High Accretion Rate during Class 0 Phase due to External Trigger

Recent observations indicate that some class 0 sources have orders of magnitude higher accretion rates than those of class I. We investigated the conditions for the high accretion rates of some class 0 sources by numerical calculations, modelling an external trigger. For no external trigger, we find that the maximum value of the accretion rate is determined by the ratio $\alpha$ of the gravitational energy to the thermal one within a flat inner region of the cloud core. The accretion rate reaches $\sim 10^{-4} M_{\sun} yr^{-1}$ if the cloud core has $ \alpha > 2$. For an external trigger we find that the maximum value of the accretion rate is proportional to the momentum given to the cloud core.

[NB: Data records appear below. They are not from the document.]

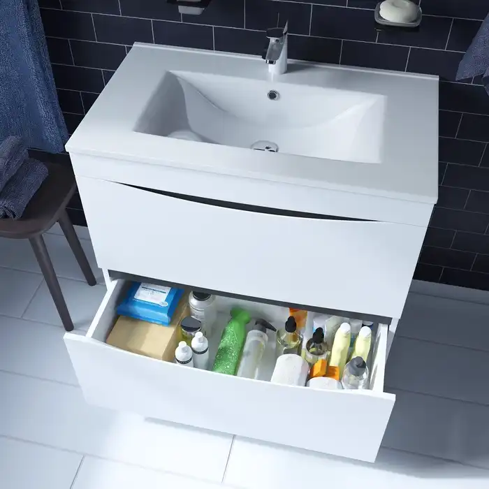 Долгожданное пополнение одной из самых популярных коллекций мебели IDDIS® – тумба Cloud с плоским умывальником. Сочетание строгих геометрических форм умывальника с плавными линиями интегрированных ручек делает дизайн мебели Cloud современным и востребованным. Контрастные ножки выгодно подчеркивают белоснежный фрезерованный фасад изделия. Напольная тумба Cloud – невероятно удобное решение для тех, кому нужна модель с увеличенной вместительностью для хранения габаритных предметов: больших пакетов со стиральным порошком, емкостей с бытовой химией и др. • Входящий в комплект умывальник (арт. 0138000i28) из качественного фарфора отличается высокой прочностью и простотой в уходе – он не задерживает загрязнения и неприятные запахи, надолго сохраняя первозданную белизну. • Два выдвижных ящика закрываются плавно и бесшумно благодаря высококачественным скрытым направляющим с доводчиками немецкого производства. • Фурнитура мебели IDDIS® рассчитана на 30 тысяч открываний, что составляет более 10 лет исправной работы. •
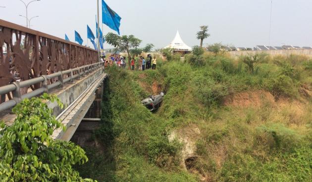 Mobil Honda Brio masuk ke pinggir jurang BSD Serpong.
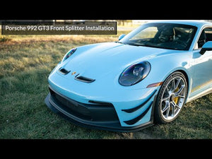 Front splitters are very effective at producing front end downforce without increasing drag significantly. They do this by creating a large pressure delta or difference between the top and bottom surfaces. We then incrementally improved the front splitter by adding design tweaks to the underside of the splitter to improve flow with our carbon polyweave splitter blades. While running CFD we ensure we have an appropriate aero balance for the vehicle to ensure good on-track performance. The splitter installs with absolutely no cutting or permanent modification to your Porsche!
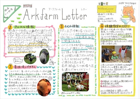 館ヶ森アーク牧場では、牧場へお越しいただいたお客様へ、スタッフ手作りのお便りをお渡ししています。
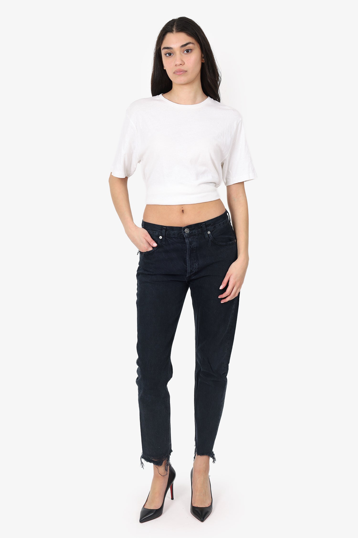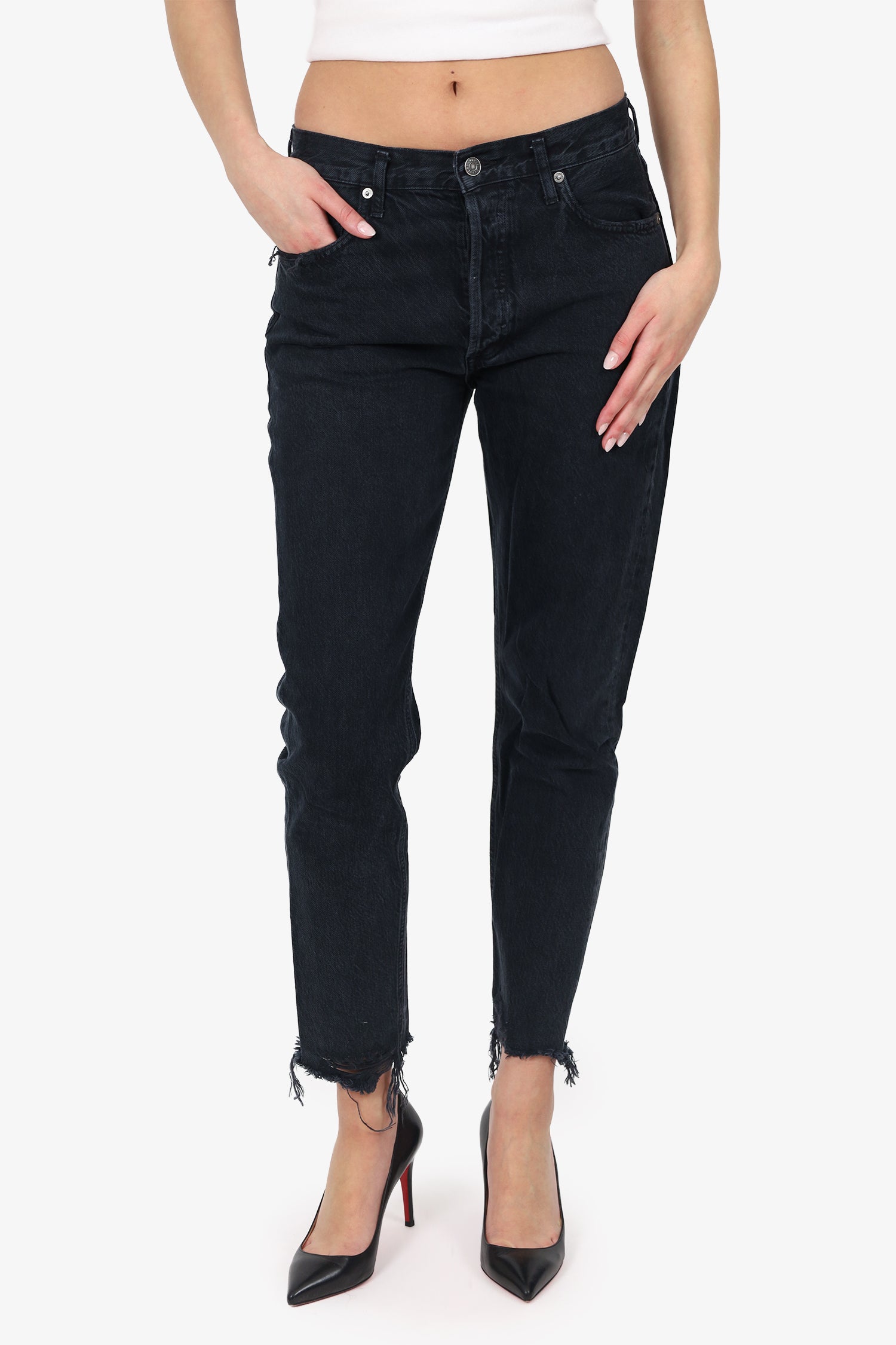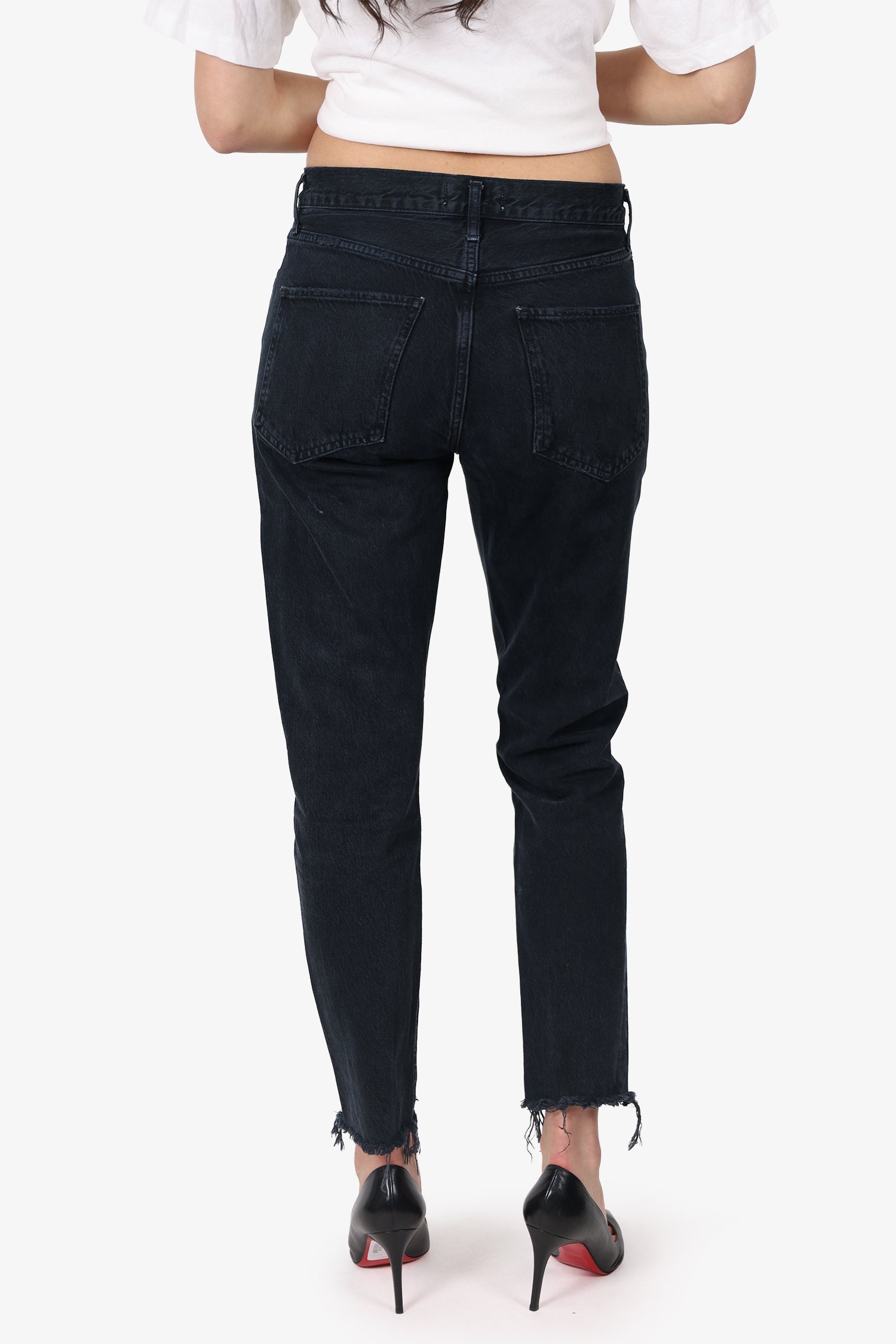 Refresh availabilityAgolde Black 'Jamie' Jeans. Pull on. Front button-up closure. Waistband belt-loops. 5 exterior pockets; 2 front slip, 1 mini compartment, and 2 rear slip. Silver-tone hardware. Tonal stitching.

The accretion rate reaches $ > 10^{-4} M_{\sun} yr^{-1}$ with a momentum of $\sim 0.1 M_{\sun} km s^{-1}$ when the initial central density of the cloud core is $\sim 10^{-18} g cm^{-3}$. A comparison between recent observational results for prestellar cores and our no triggered collapse model indicates that the flat inner regions of typical prestellar cores are not large enough to cause accretion rates of $\sim 10^{-4} M_{\sun} yr^{-1}$. Our results show that the triggered collapse of the cloud core is more preferable for the origin of the high accretion rates of class 0 sources than no triggered collapse.